A set sampler samples a weighted set of tokens from a the vocabulary of a target potential.

Given a context of tokens \(x_1, \ldots, x_{n-1}\) in the target potential's vocabulary and a sampled set of tokens \(S \subseteq \textsf{target.vocab_eos}\), the log-weight associated with each token \(x_n\) must correspond to:

\[ \textsf{target.logw_next}(x_n | x_1, \ldots, x_{n-1}) - \log \Pr(x_n \in S) \]

where \(\Pr(x_n \in S)\) is the probability the token was included in a sampled set.

Attributes:

Name Type Description
target Potential

The target potential with respect to which the set's weights are computed.

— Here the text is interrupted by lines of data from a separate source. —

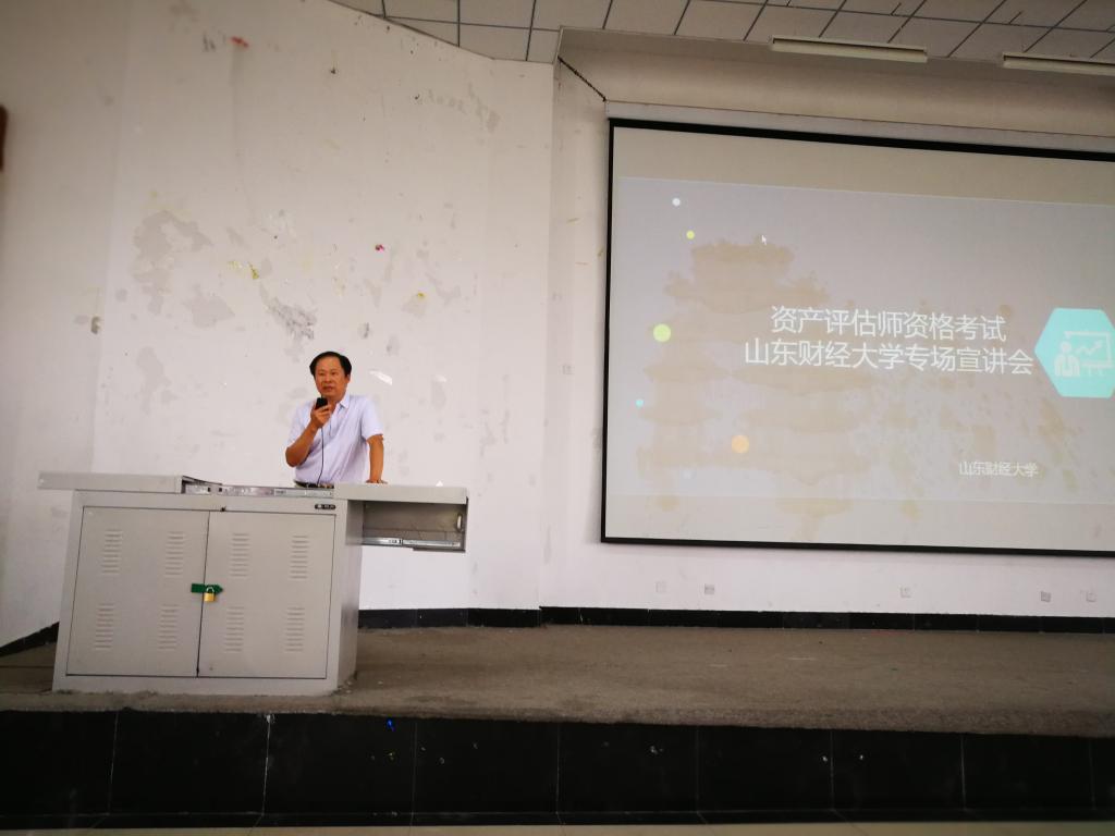 2017年6月27日下午,MG电子 (简称“山财大”)明水校区会议室座无虚席,由中国资产评估协会指导、MG电子 联合主办的“资产评估师资格考试MG电子 大学专场宣讲会”在这里隆重召开。中国资产评估协会副秘书长杨松堂、培训总监赵金娥、中评协陈冠群博士、山东省评协杜刚副会长、吴蔚秘书长、中联资产评估公司副总裁鲁杰钢先生、MG电子 党委书记张涛、党委副书记崔东峰以及MG电子 的300多名在校大学生参加了宣讲会。宣讲会由MG电子 张涛书记主持。
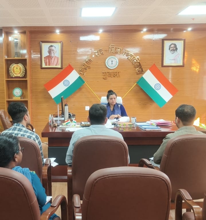 गुमला : गुमला उपायुक्त प्रेरणा दीक्षित की अध्यक्षता में आज नगर परिषद गुमला की समीक्षात्मक बैठक आयोजित की गई। बैठक में शहर की स्वच्छता, व्यवस्था, फॉगिंग, प्लास्टिक नियंत्रण और अवैध निर्माण की स्थिति पर विस्तार से समीक्षा की गई।
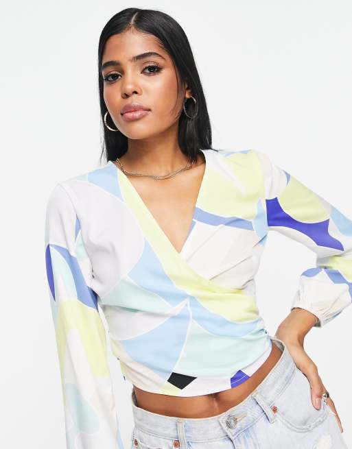 Glamorous – Kopertowa bluzka z długimi rękawami w abstrakcyjny wzór w stylu retro

Source code in genlm/control/sampler/set.py
class SetSampler(ABC):
    """Base class for set samplers.

    A set sampler samples a weighted set of tokens from a the vocabulary of a `target` potential.

    Given a context of tokens $x_1, \\ldots, x_{n-1}$ in the target potential's vocabulary and a sampled set of tokens $S \\subseteq \\textsf{target.vocab_eos}$,
    the log-weight associated with each token $x_n$ must correspond to:

    $$
        \\textsf{target.logw_next}(x_n | x_1, \\ldots, x_{n-1}) - \\log \\Pr(x_n \\in S)
    $$

    where $\\Pr(x_n \\in S)$ is the probability the token was included in a sampled set.

    Attributes:
        target (Potential): The target potential with respect to which the set's weights are computed.
    """

    def __init__(self, target):
        self.target = target

    @abstractmethod
    async def sample_set(self, context):
        """Sample a weighted set of tokens from the target potential's vocabulary."""
        pass  # pragma: no cover

    async def cleanup(self):
        pass  # pragma: no cover

sample_set(context) abstractmethod async

Sample a weighted set of tokens from the target potential's vocabulary.

Source code in genlm/control/sampler/set.py
@abstractmethod
async def sample_set(self, context):
    """Sample a weighted set of tokens from the target potential's vocabulary."""
    pass  # pragma: no cover

TrieSetSampler

Bases: SetSampler

TrieSetSampler is a specialized set sampler that utilizes a trie data structure to efficiently sample a weighted set of tokens.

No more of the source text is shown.